[Stored data]
*** Block opens ***

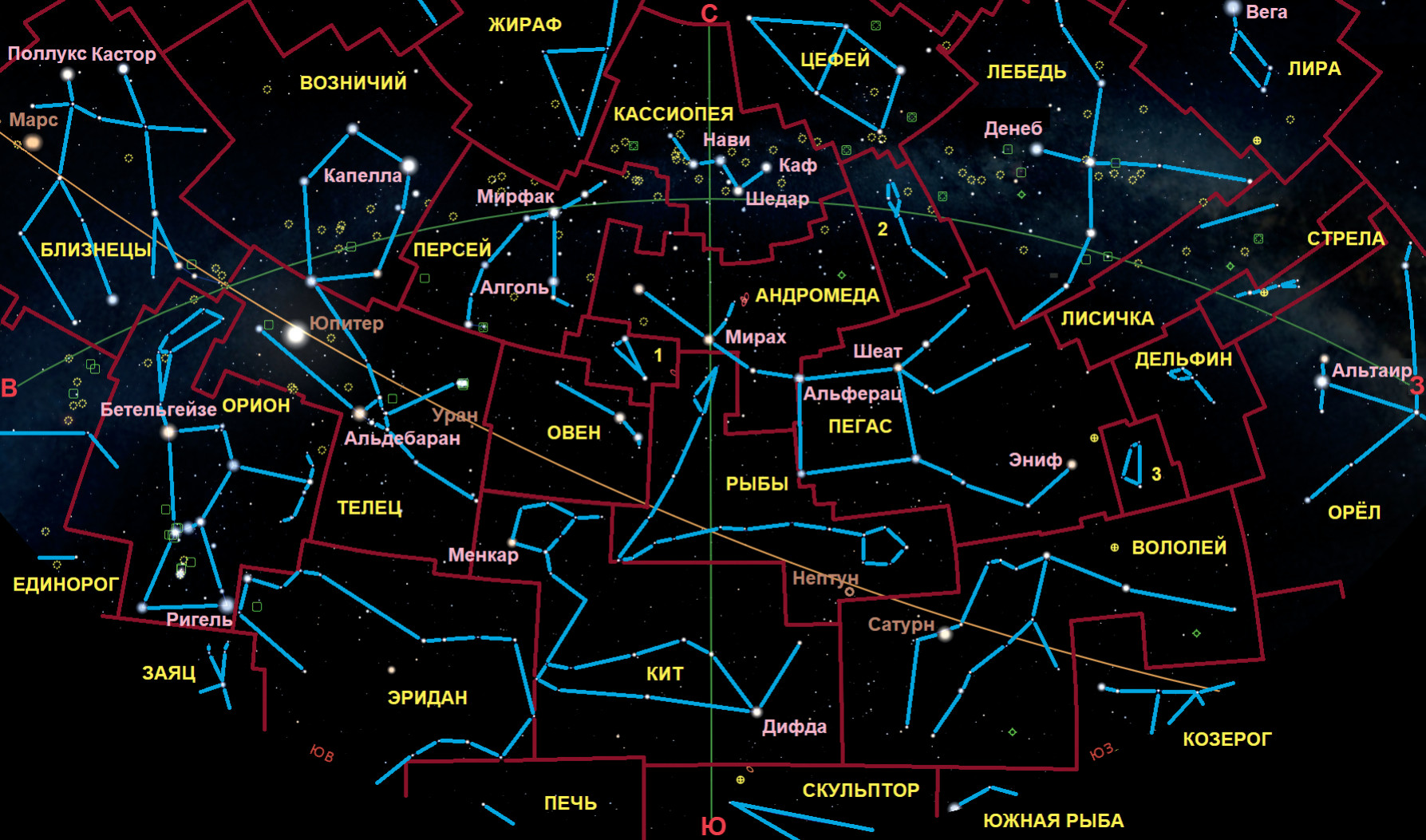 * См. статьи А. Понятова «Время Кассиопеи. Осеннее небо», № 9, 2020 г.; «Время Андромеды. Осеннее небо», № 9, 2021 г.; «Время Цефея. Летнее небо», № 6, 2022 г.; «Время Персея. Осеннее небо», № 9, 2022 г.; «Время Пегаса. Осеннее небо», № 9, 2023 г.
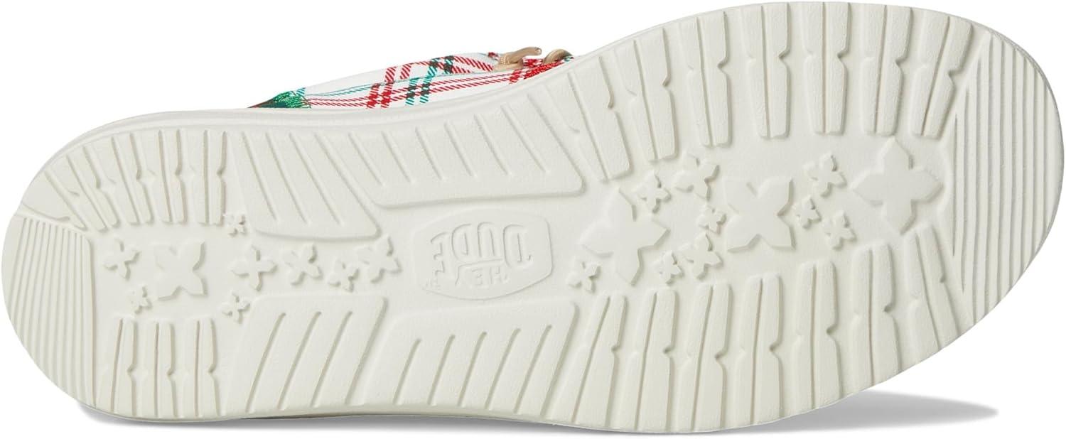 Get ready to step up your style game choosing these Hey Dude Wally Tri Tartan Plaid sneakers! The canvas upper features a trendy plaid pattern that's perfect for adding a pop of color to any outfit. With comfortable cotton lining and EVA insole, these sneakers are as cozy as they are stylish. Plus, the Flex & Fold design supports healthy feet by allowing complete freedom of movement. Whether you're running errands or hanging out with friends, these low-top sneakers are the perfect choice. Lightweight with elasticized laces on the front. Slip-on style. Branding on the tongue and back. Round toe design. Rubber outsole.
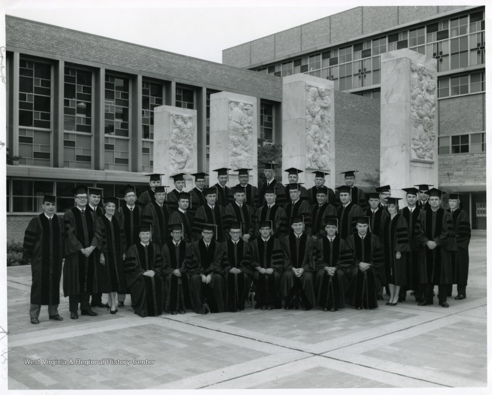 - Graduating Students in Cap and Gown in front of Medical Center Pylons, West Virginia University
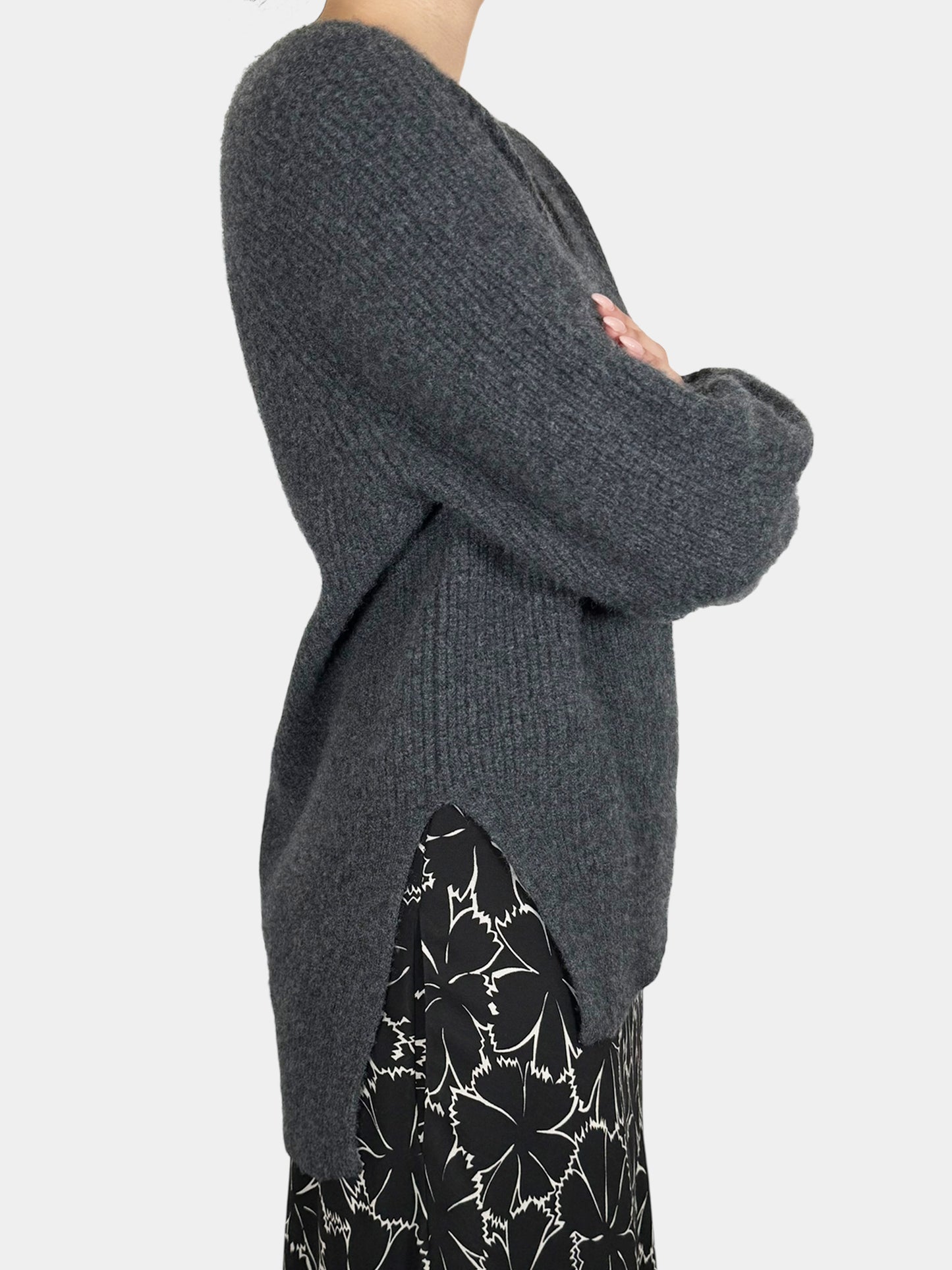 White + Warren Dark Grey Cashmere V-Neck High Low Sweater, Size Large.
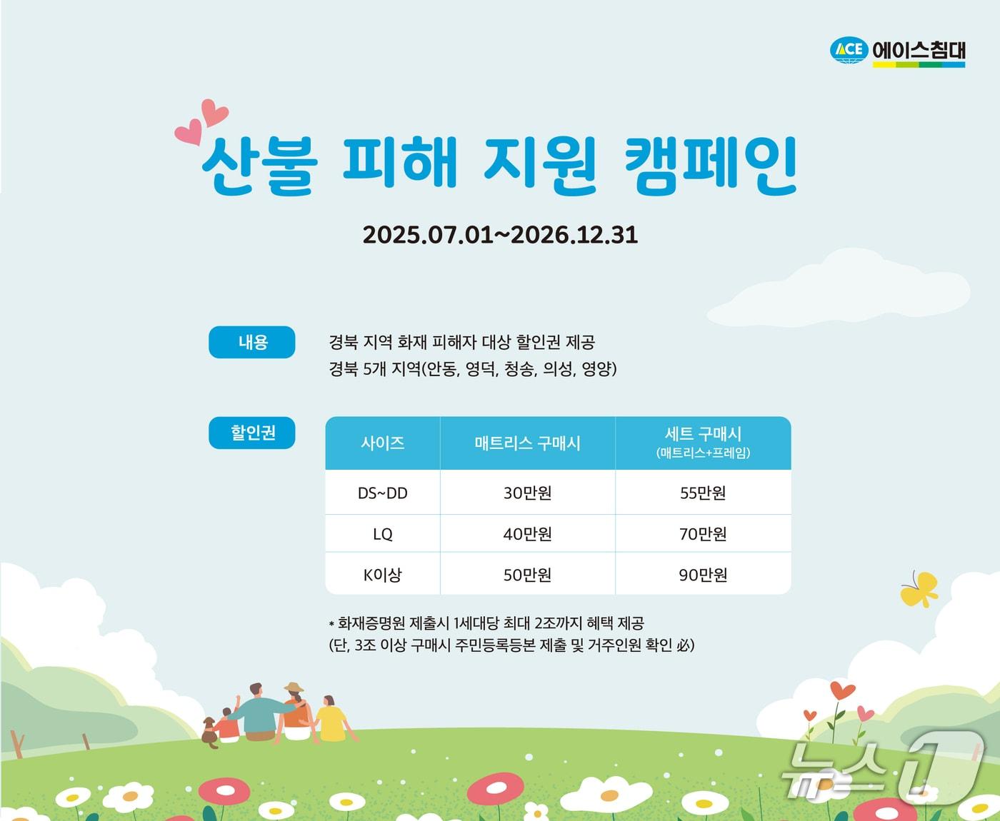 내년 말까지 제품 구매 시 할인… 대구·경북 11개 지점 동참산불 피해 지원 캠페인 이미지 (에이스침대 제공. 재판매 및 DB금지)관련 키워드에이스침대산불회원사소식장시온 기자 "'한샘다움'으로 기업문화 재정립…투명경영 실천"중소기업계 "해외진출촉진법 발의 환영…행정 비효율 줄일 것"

*** Block closes ***

Instructions for the task
Exact repeats of the lines from the first one in the data through the line containing "Get ready to" make up the answer. Pictures do not.

Solution to the exercise
 * См. статьи А. Понятова «Время Кассиопеи. Осеннее небо», № 9, 2020 г.; «Время Андромеды. Осеннее небо», № 9, 2021 г.; «Время Цефея. Летнее небо», № 6, 2022 г.; «Время Персея. Осеннее небо», № 9, 2022 г.; «Время Пегаса. Осеннее небо», № 9, 2023 г.
 Get ready to step up your style game choosing these Hey Dude Wally Tri Tartan Plaid sneakers! The canvas upper features a trendy plaid pattern that's perfect for adding a pop of color to any outfit. With comfortable cotton lining and EVA insole, these sneakers are as cozy as they are stylish. Plus, the Flex & Fold design supports healthy feet by allowing complete freedom of movement. Whether you're running errands or hanging out with friends, these low-top sneakers are the perfect choice. Lightweight with elasticized laces on the front. Slip-on style. Branding on the tongue and back. Round toe design. Rubber outsole.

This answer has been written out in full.